Съедая взглядом округлую Санькину рожу с этими красными, как у пьянчужки, глазами, я сказал:
– Гад!
Сказал и перестал бороться.
Санька бесновался вверху надо мной. Он бегал вокруг бочажины, прыгал, становился на руки:
– А-а-а, вляпался! Ага-а-а-а, дохвастался! Ага-а-а, монах в новых штанах! Штаны-то, ха– ха-ха! Сапоги-то, хо-хо-хо!..
Я сжимал кулаки и кусал губы, чтоб не заплакать. Знал я – Санька только того и ждёт, чтобы я расклеился, расхныкался, и он совсем меня растерзал бы, беспомощного, попавшего в ловушку.
Ногам было холодно, меня засасывало всё дальше и дальше, но я не просил, чтоб Санька вытаскивал меня, и не плакал. Санька ещё поизмывался надо мною, да скоро уж прискучило ему это занятие, насытился он удовольствием.
– Скажи: «Миленький, хорошенький Санечка, помоги мне ради Христа!» – я, может, и выволоку тебя! – предложил Санька.
– Нет!
– Ах нет? Сиди тоды до завтрева.
Я стиснул зубы и поискал камень или чурку какую-нибудь. Ничего не было. Лягуха опять выползла из травы и глядела на меня с досадою: дескать, последнее пристанище отбили, злыдни!
– Уйди с глаз моих! Уйди, гад, лучше! Уйди! Уйди! Уйди! – закричал я и начал швырять в Саньку горстями грязи.
Санька ушёл. Я вытер руки об рубаху. Над бочажиной на меже шевельнулись листья белены – Санька в них спрятался. Из ямины мне видно только белену эту, репейника вершинку да ещё часть дороги видно, ту, что поднимается в Манскую гору. По этой дороге я ещё совсем недавно шёл счастливый, любовался местностью, и никакой бочажины не знал, и никакого горя не ведал.

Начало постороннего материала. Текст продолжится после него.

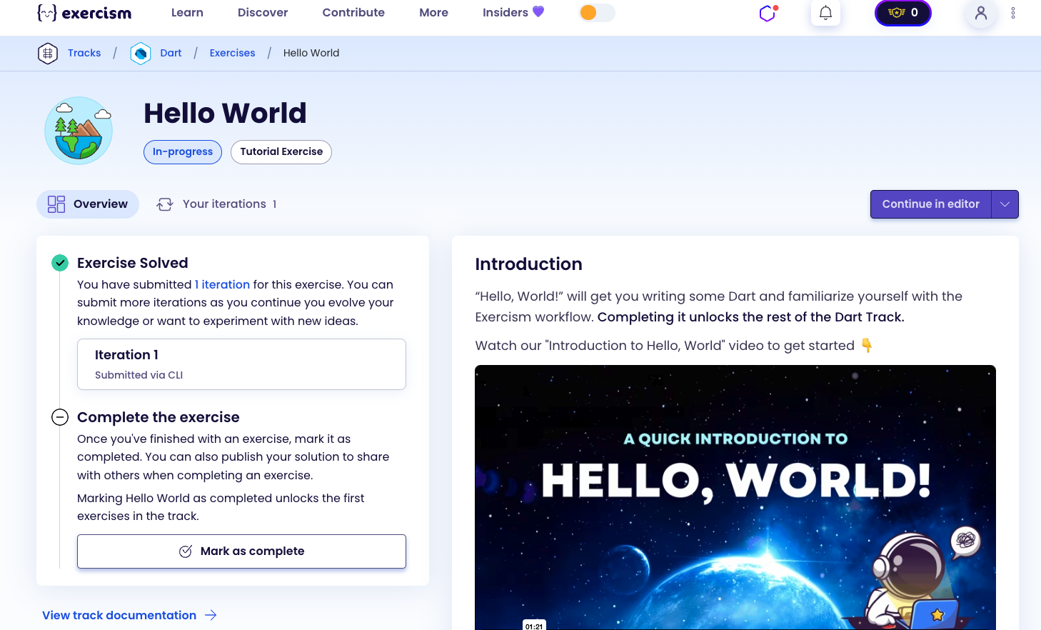 exercism에 다시 들어가보면 화면이 새로고침 되면서 "Exercise Solved"로 바뀐 걸 확인할 수 있다.
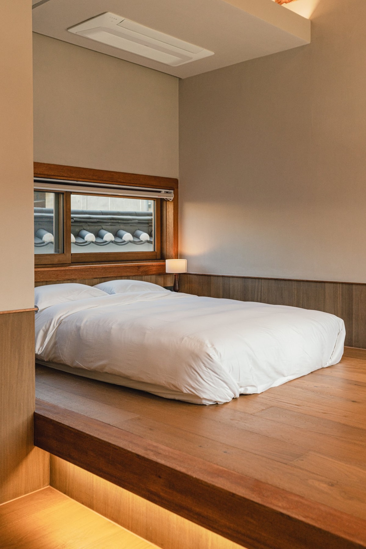 1956년 한옥 호텔로 시작된 명지각은 오랜 시간의 흔적을 간직한 채 새롭게 리모델링되어 현대적 감각과 전통이 조화를 이루는 공간으로 다시 태어났습니다. 나무의 결을 그대로 살린 객실에서 편안한 휴식을 즐기고, 고요한 한옥의 정취를 느껴보세요. 안사랑채 – 숙박객 라운지 직접 선별한 책이 마련된 안사랑채에서 여유로운 독서의 시간을 보내세요. 햇살이 은은하게 스며드는 공간에서 차 한 잔과 함께 책장을 넘기는 순간, 일상의 소란스러움에서 벗어나 깊은 쉼을 경험할 수 있습니다. 프라이빗 목욕탕 – 몸과 마음을 녹이는 시간 숙박객 전용으로 마련된 목욕탕에서 목욕, 사우나를 이용하실 수 있습니다. 여유를 즐기며 느긋하게 몸을 풀고, 온전히 자신에게 집중하는 시간을 가져보세요. 무료 조식 – 정성 가득한 한 상 아침에는 정갈하게 차려낸 무료 조식이 제공됩니다. 건강한 메뉴로 하루를 기분 좋게 시작해 보세요. 명지각에서 시간의 흐름을 느끼며 당신만의 여유를 찾는 여행을 떠나보세요.

А теперь вот в грязи завяз и жду. Чего жду?
Санька вылез из бурьяна: видно, осы его выгнали, а может, терпенья не хватило. Жрёт какую-то траву. Пучку, должно быть. Он всегда жуёт чего-нибудь – живоглот пузатый!
– Так и будем сидеть?
– Нет, скоро упаду. Ноги уже остомели.
Санька перестал жевать пучку, с лица его слетела беспечность: понимать, должно быть, начинает, к чему дело клонится.
– Но, ты, падина! – прикрикивает он на меня и быстро стягивает с себя штаны. – Упади только!
Стараюсь держаться на ногах, а они так отерпли ниже колен, что я их едва чувствую. Всего меня трясёт от холода и качает от усталости.